3 étapes pour comprendre tes émotions et mieux te connaître

Tu doutes ?

Tu as peur d’avancer ?

Tu te perds dans tes propres pensées ?

Tu essaies de lutter ?


Cet article va t’aider à y voir plus clair en écoutant tes ressentis et les messages qui se cachent derrière tes émotions.



Est-ce que tu as parfois cette sensation d’être en train de mener une lutte intérieure contre toi-même ? Un partie de toi, super enthousiaste et pleine de joie croit en tes rêves les plus fous les uns que les autres. L’autre partie est terrifiée. Horrifiée, même, que tu puisses ne serait-ce qui penser.


« Tu te prends pour qui ?» elle te dit.


« Tu n’es pas assez bien, tu ne le mérites pas » répète-t-elle.


« Et puis tu n’en es pas capable, ça se saurait si tu l’étais » finit-elle par t’asséner.


A ce stade, la version joyeuse et cool de toi est partie se cacher sous une tonne d’oreillers, voire carrément en dessous du lit de tes pensées.


La voix terrifiante a gagné, elle a atteint son objectif : te protéger du danger, t’éviter tout risque.


Tu ne peux pas combattre cette voix.


Et pourquoi ? Parce que, cette voix, c’est toi !


Plus tu la combats, plus tu te fais du mal car tu épuises ton énergie.


Et tant que tu n’auras pas tendu l’oreille pour comprendre de quoi cette voix tente si désespérément de te protéger, tu n’arriveras pas à la faire taire.


Normalement, tu as déjà essayé de l’anesthésier, de l’ignorer. Et ça n’a pas porté ses fruits.

  • Tu t’es épuisé.e

  • Tu t’es stressé.e

  • Tu t’es angoissé.e

  • Tu es resté.e paralysé.e

  • Tu as tenté et tu t’es vautré.e

C’est normal.


Une partie de toi ne veut vraiment pas que tu atteignes tes objectifs.


Et ça ne veut pas dire que tu es faible, nul.le ou fainéant.e. Ce n’est pas mal en soi. Ce n’est pas non plus une question d’égo mal placé.


Tu n’as pas besoin de culpabiliser.


Ce n’est pas un problème d’avoir peur, au contraire, c’est tout à fait sain ! Puisque la peur est là pour te protéger d’une menace.


Le problème, c’est quand tu refoules cette peur, que tu fais comme si elle n’existait pas ou que tu te laisses envahir par elle.


Voyons voir ça d’un peu plus près.


1. Accueillir tes ressentis


Il n’y a pas de bonnes ou de mauvaises émotions.
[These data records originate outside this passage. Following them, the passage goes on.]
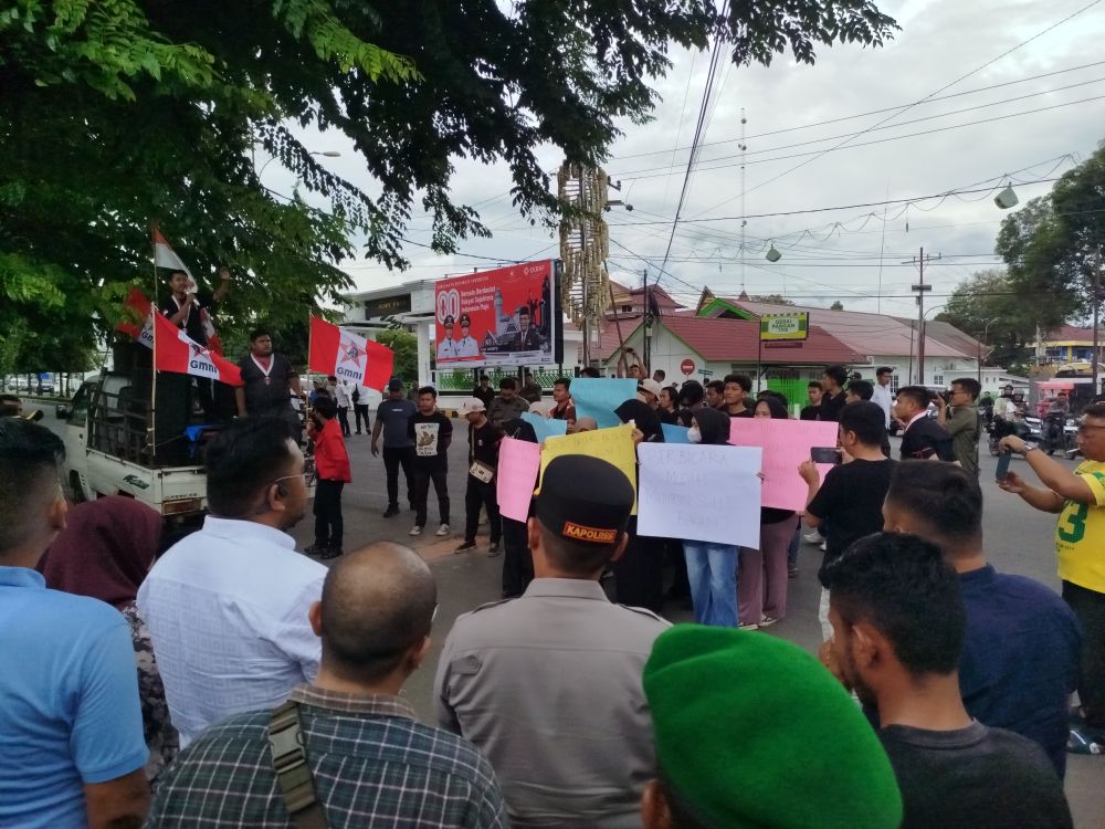Pantauan, massa GMNI lebih dulu berkumpul di alun-alun Alaman Bolak, Kota Padangsidimpuan, dan kemudian melakukan longmarch menuju kantor DPRD.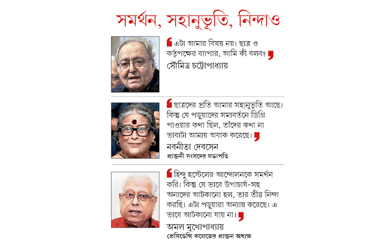 ছাত্রনেতা সায়ন চক্রবর্তী বলেন, ‘‘সমাবর্তন আমাদের নিশানা নয়। অনির্দিষ্ট কাল ক্যাম্পাস অবরুদ্ধ করে রাখাও আমাদের উদ্দেশ্য নয়। আমরা চাই হিন্দু হস্টেল। সেটাই ফিরিয়ে দেওয়া হোক।’’ কর্তৃপক্ষ জানান, পূর্ত দফতর সংস্কারের কাজ শেষ করলে তবেই হস্টেল ফিরিয়ে দেওয়া সম্ভব। পড়ুয়াদের অভিযোগ, তিন বছর ধরে সংস্কার চলছে। কর্তৃপক্ষের সদিচ্ছার অভাবেই কাজ শেষ হচ্ছে না। ক্যাম্পাসে দিনরাত পড়ে থাকায় কয়েক জন পড়ুয়ার ম্যালেরিয়া এবং ভাইরাল জ্বর হয়েছে। তাঁদের দাবি, হিন্দু হস্টেলের একটি অংশ তো প্রায় প্রস্তুত হয়ে গিয়েছে। সেখানে অন্তত থাকতে দেওয়া হোক।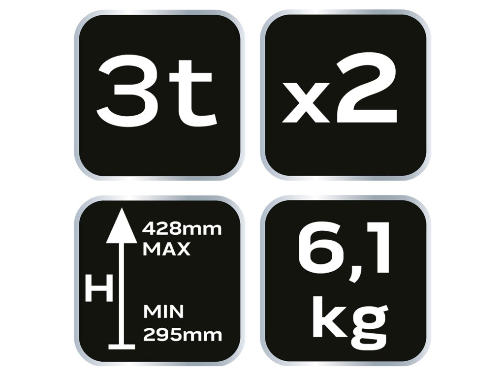 3 t automobilový zdvihák, 295-415 mm, západkový zámok výšky, 2 ks, Certifikát TÜV M+T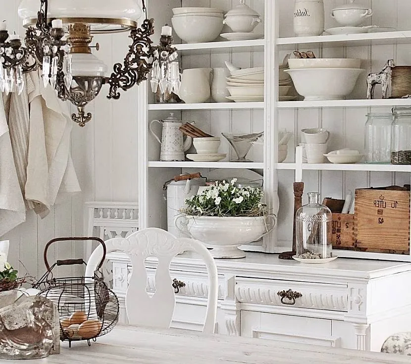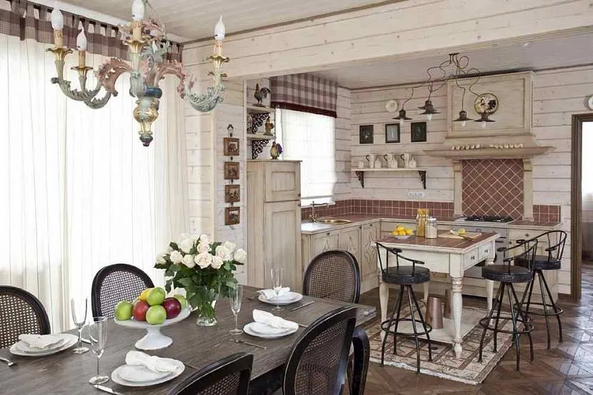 Комната обязательно должна быть просторной и светлой. Очень часто кухня совмещается со столовой. От обеденной зоны, место для готовки отделяется барной стойкой или столешницей. При этом бывает достаточно сложно в деревенском интерьере разместить современную бытовую технику. Поэтому ее часто просто прячут в шкафчики или же декорируют под старину. В качестве декора используется красивая посуда – расписные тарелки, баночки или лопатки.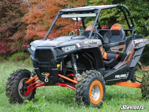SuperATV High Clearance A-Arms for Polaris RZR XP 1000 (Non-Adjustable, Lower, Standard Duty, Red) The Suspension Upgrade You Need Have you ever found yourself going around a rock or stump while all your buddies sailed over it with no problem? If you answered “yes,” it’s probably time to think about giving that stock suspension an upgrade. SuperATV has just what your Polaris RZR XP 1000 needs with our High Clearance A-Arms. A clever bend design delivers extra ground clearance, and the adjustable pivot blocks allow you to adjust your camber as needed. Top it all off with stronger steel and bigger tubing and you’ve got yourself a truly unmatched set of A-arms.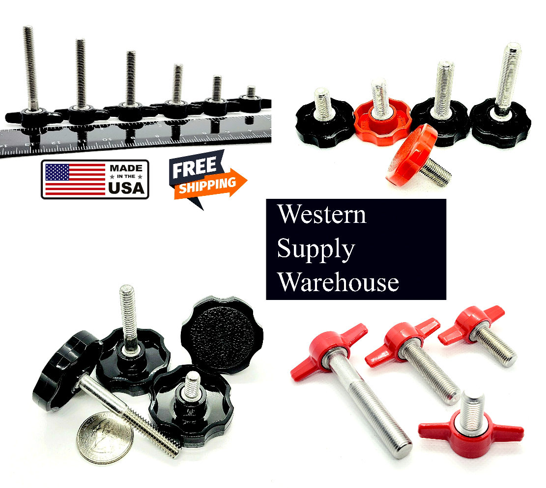 3/8" x 1 1/4" Thumb Screws Bolts Black Round Hex Clamping Knob Stainless Steel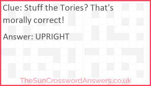 Stuff the Tories? That's morally correct! is a crossword clue for which we have 1 possible answer and we have spotted 1 times in our database. This crossword clue was last seen on 12 July 2021 in The Sun Cryptic Crossword puzzle!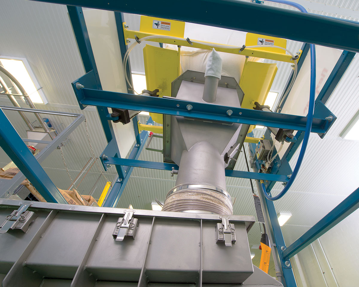 Palletized bags are then transported by forklift to a Dual Bulk Bag Discharger System which consists of two identical BULK-OUT® BFC Series Dischargers, each with a cantilevered I-beam, electric hoist and trolley for loading and unloading bulk bags.

Avoir honte ou peur de tes émotions, c’est t’amputer d’une partie de ton intuition, de toi-même.


Voici les différents moyens que tu emploies peut-être pour te protéger de certaines émotions que tu juges « négatives » ou « égoïstes ».


L’ignorer, la refouler avec la conséquence de ne pas décoder le message qui se cache derrière et qui est sûrement là pour te protéger, t’orienter sur la bonne voie ou te défendre d’une intrusion.


Par exemple, éviter de dire que tu te sens en colère contre quelqu’un qui ne respecte pas ses engagements par peur d’être rejeté.e ou jugé.e par cette personne. Or, quand tu laisses quelqu’un dépasser tes limites ou te manquer de respect, c’est toi en premier qui te manques de respect.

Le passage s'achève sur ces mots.